WHAT TO DO: What you return should be the exact lines from the one with "SKU G4674047CategoriesDescription Mechanical" to the end of the records below, both included, and no pictures.

Stored dataset items:
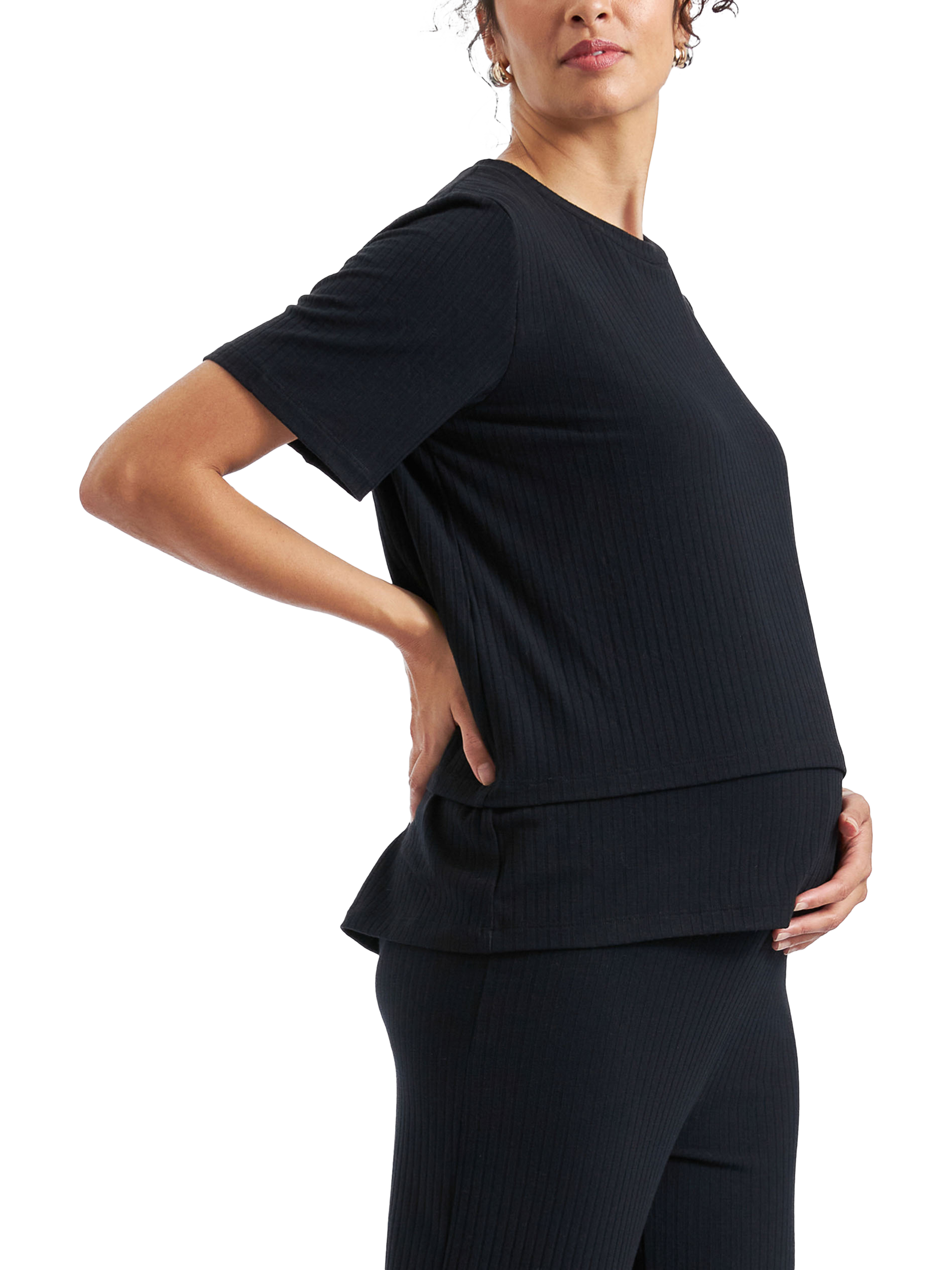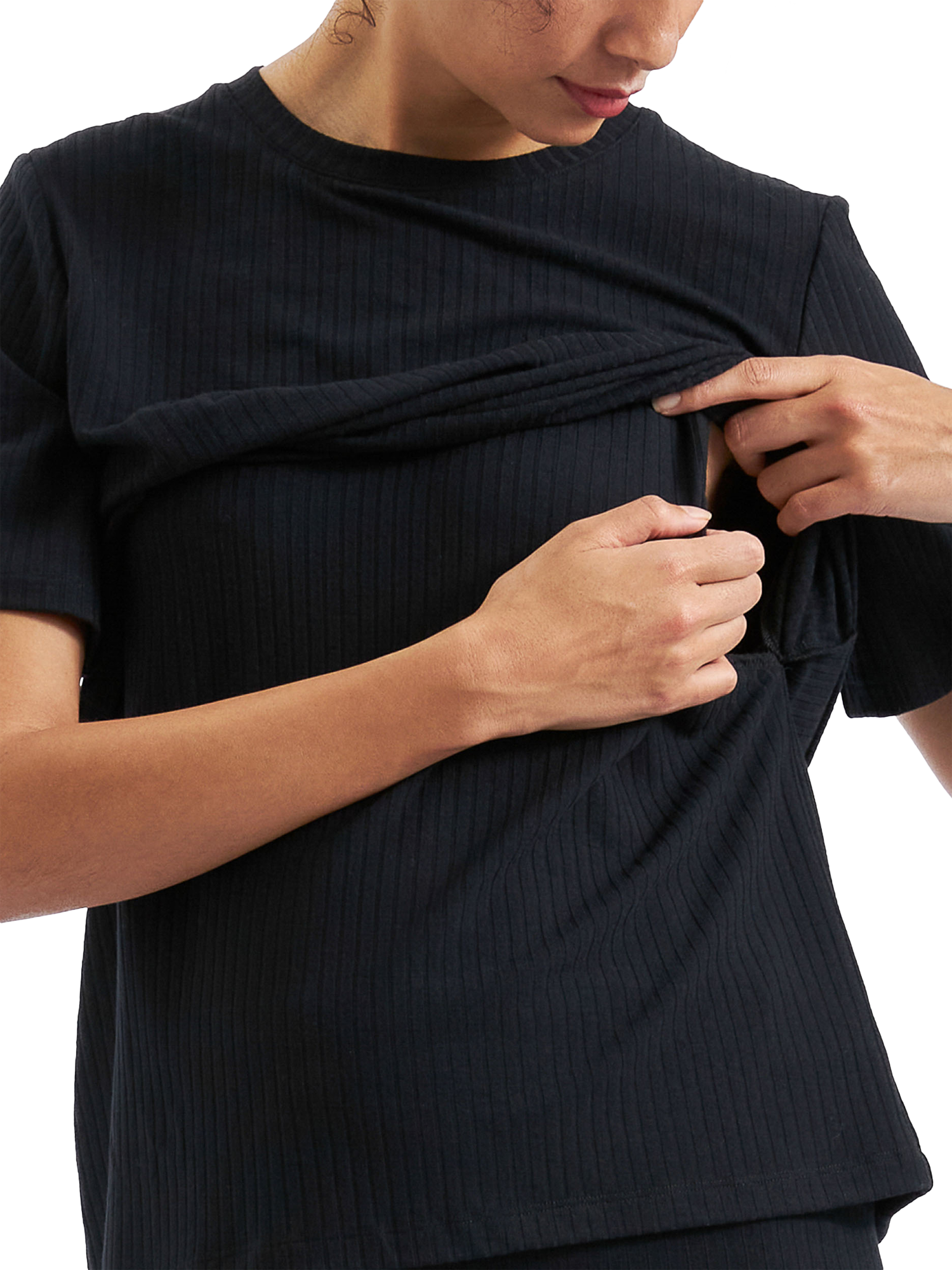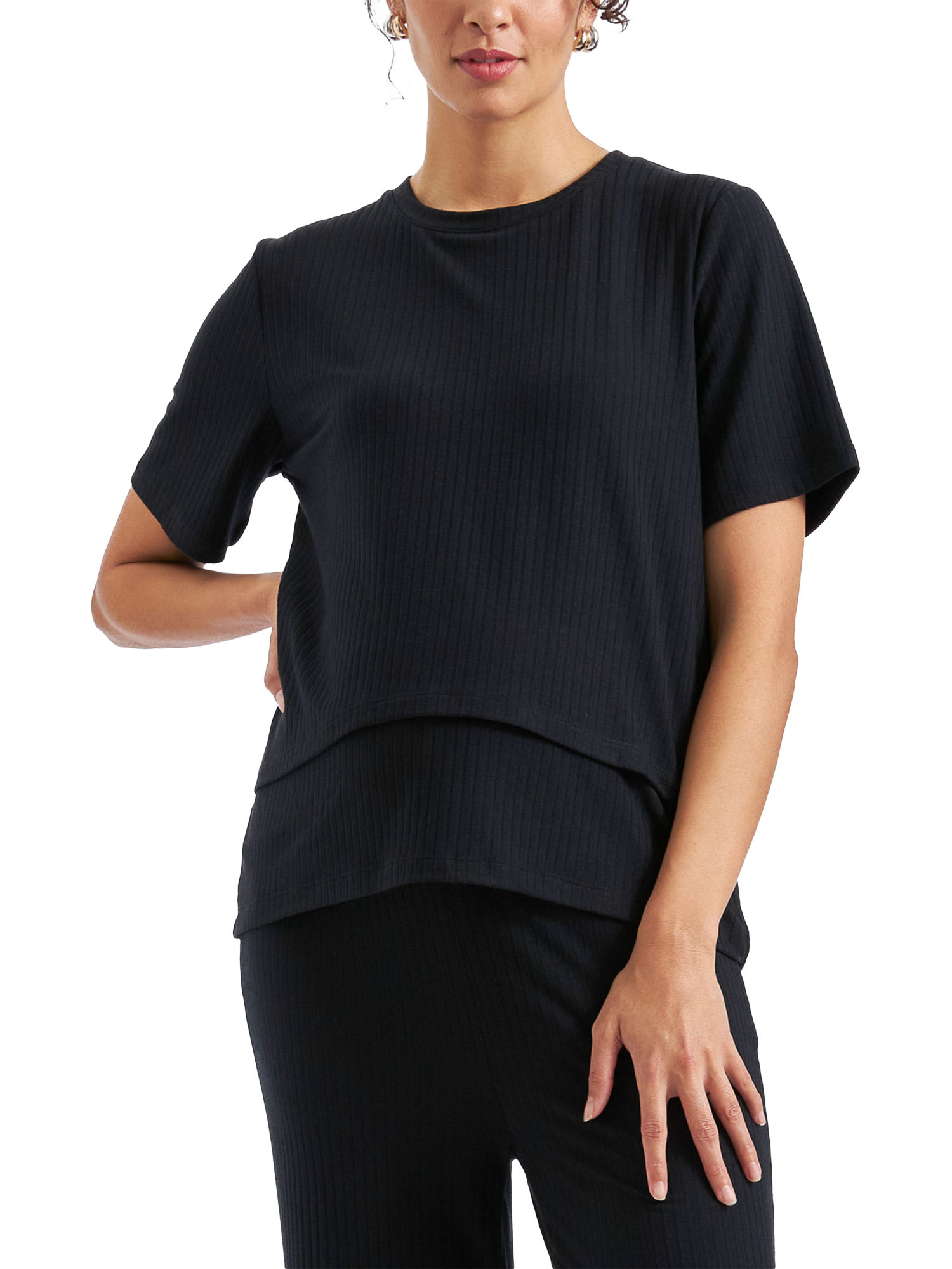 Meet our Mike Rib Nursing Top - the ultimate blend of comfort and convenience for nursing mums! With a relaxed fit, classic neckline and a clever lift-up overlayer, it offers easy nursing access without compromising on style.
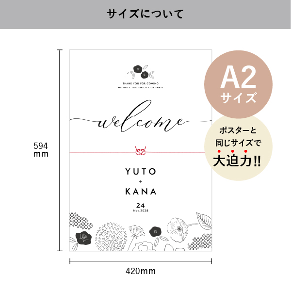 フラットなフォルムにデザインが大きく入るA2サイズのパネルは、ゲストをお出迎えするウェルカムボードとしてピッタリです!
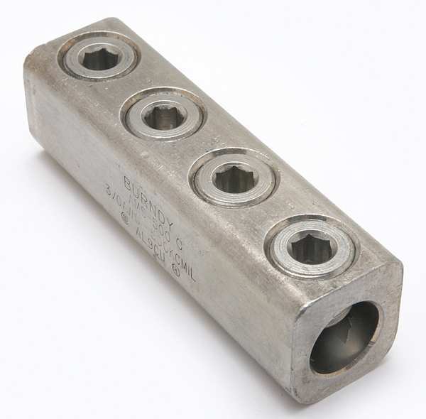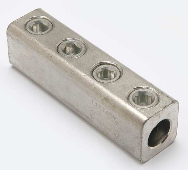 SKU G4674047CategoriesDescription Mechanical Connector, For Conductor Material Aluminum, Copper, For Stranded Copper Wire Size - Minimum 3/0 AWG, For Stranded Copper Wire Size - Maximum 500 kcmil, For Stud Size 13/16 in, Head Style Hex, Number of Holes Not Applicable, Hole Diameter Not Applicable, Hole Spacing Not Applicable, Body Material Aluminum, Maximum Operating Temperature 194 Degrees F, Maximum Voltage 600 V, Number of Conductors 2, Number of Terminations 4, Tongue Width Not Applicable, Tongue Thickness Not ApplicablegraingerSKU: 22C215, mscSKU: , zoro_no: G4674047, mongo_id: 65bbee11526e052139aead7c
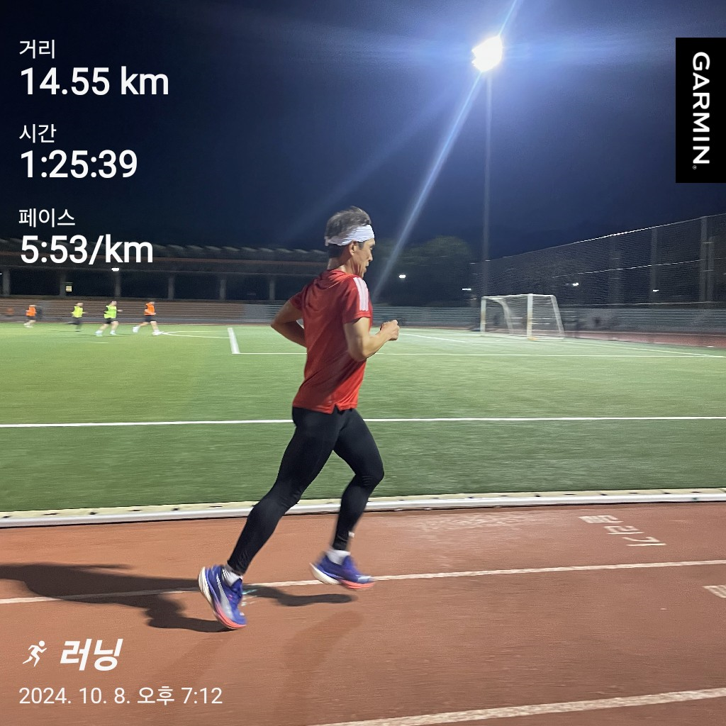 10월 8일 화요일 훈련. 관문체육공원, 거리 14.55km, 1시간 25분 39초, pace 5:53초
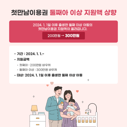 2024년 1월 1일 이후 출생한 둘째 이상 아동의 첫만남이용권 지원액이 올라갑니다.

RESPONSE BOX:
 SKU G4674047CategoriesDescription Mechanical Connector, For Conductor Material Aluminum, Copper, For Stranded Copper Wire Size - Minimum 3/0 AWG, For Stranded Copper Wire Size - Maximum 500 kcmil, For Stud Size 13/16 in, Head Style Hex, Number of Holes Not Applicable, Hole Diameter Not Applicable, Hole Spacing Not Applicable, Body Material Aluminum, Maximum Operating Temperature 194 Degrees F, Maximum Voltage 600 V, Number of Conductors 2, Number of Terminations 4, Tongue Width Not Applicable, Tongue Thickness Not ApplicablegraingerSKU: 22C215, mscSKU: , zoro_no: G4674047, mongo_id: 65bbee11526e052139aead7c
 10월 8일 화요일 훈련. 관문체육공원, 거리 14.55km, 1시간 25분 39초, pace 5:53초
 2024년 1월 1일 이후 출생한 둘째 이상 아동의 첫만남이용권 지원액이 올라갑니다.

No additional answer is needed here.